RECORDS FOR THE TASK:
-- Opening Marker --

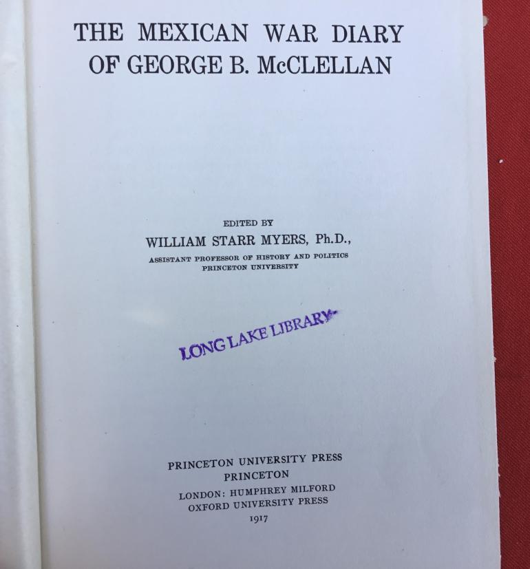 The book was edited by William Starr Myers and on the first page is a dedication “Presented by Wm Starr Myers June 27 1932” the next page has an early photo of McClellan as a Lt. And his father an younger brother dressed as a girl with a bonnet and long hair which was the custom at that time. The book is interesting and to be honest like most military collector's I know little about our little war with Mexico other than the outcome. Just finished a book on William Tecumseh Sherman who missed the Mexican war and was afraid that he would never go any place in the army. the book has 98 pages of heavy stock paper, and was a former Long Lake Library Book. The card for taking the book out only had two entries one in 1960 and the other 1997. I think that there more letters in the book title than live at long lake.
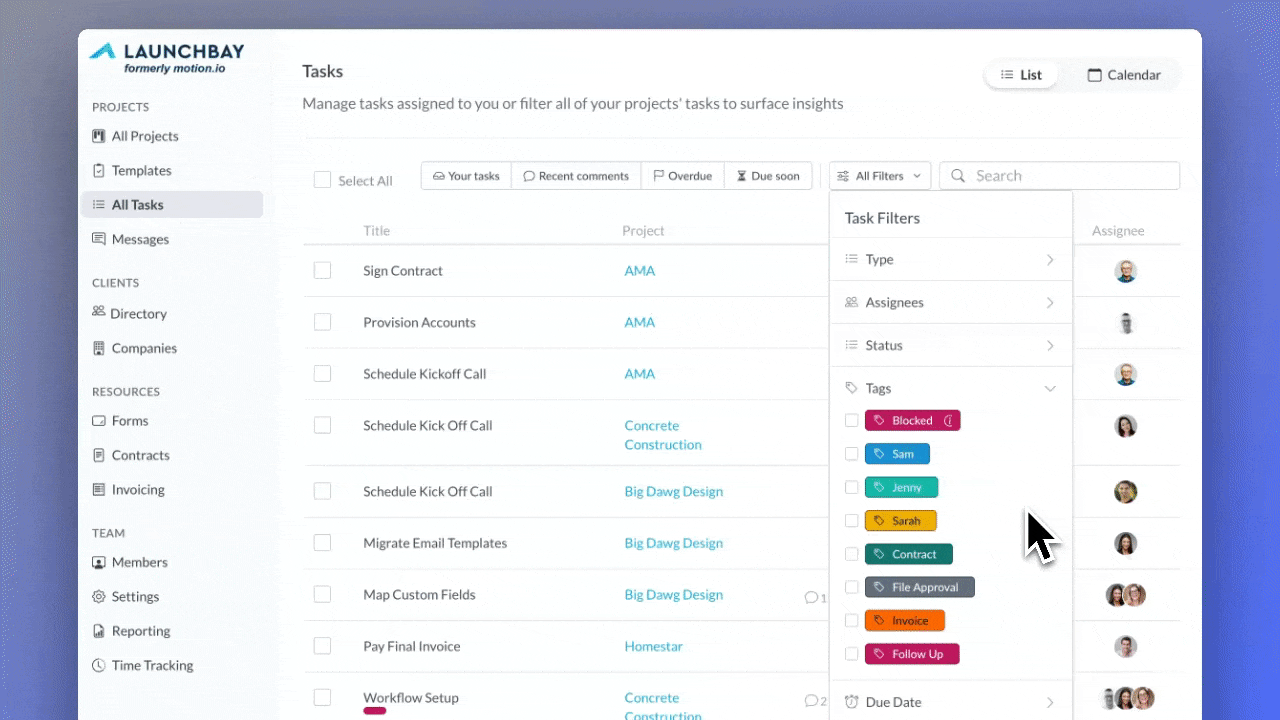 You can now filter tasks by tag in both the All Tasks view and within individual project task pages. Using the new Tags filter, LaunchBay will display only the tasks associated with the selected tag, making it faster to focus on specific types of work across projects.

-- Closing Marker --
-- Opening Marker --

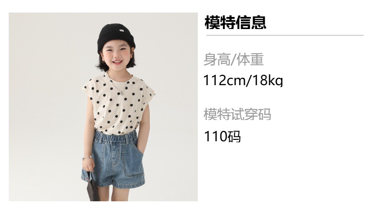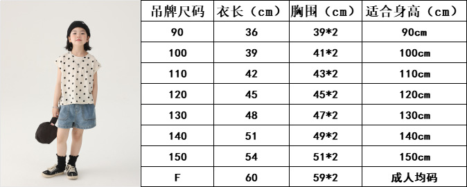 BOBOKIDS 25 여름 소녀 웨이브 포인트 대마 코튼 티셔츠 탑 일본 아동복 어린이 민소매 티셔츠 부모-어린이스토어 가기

-- Closing Marker --

WORK INSTRUCTION:
The answer is the lines of the material above, from the one containing "The book was" down to the one containing "You can now", given exactly and without images.

TASK OUTPUT:
 The book was edited by William Starr Myers and on the first page is a dedication “Presented by Wm Starr Myers June 27 1932” the next page has an early photo of McClellan as a Lt. And his father an younger brother dressed as a girl with a bonnet and long hair which was the custom at that time. The book is interesting and to be honest like most military collector's I know little about our little war with Mexico other than the outcome. Just finished a book on William Tecumseh Sherman who missed the Mexican war and was afraid that he would never go any place in the army. the book has 98 pages of heavy stock paper, and was a former Long Lake Library Book. The card for taking the book out only had two entries one in 1960 and the other 1997. I think that there more letters in the book title than live at long lake.
 You can now filter tasks by tag in both the All Tasks view and within individual project task pages. Using the new Tags filter, LaunchBay will display only the tasks associated with the selected tag, making it faster to focus on specific types of work across projects.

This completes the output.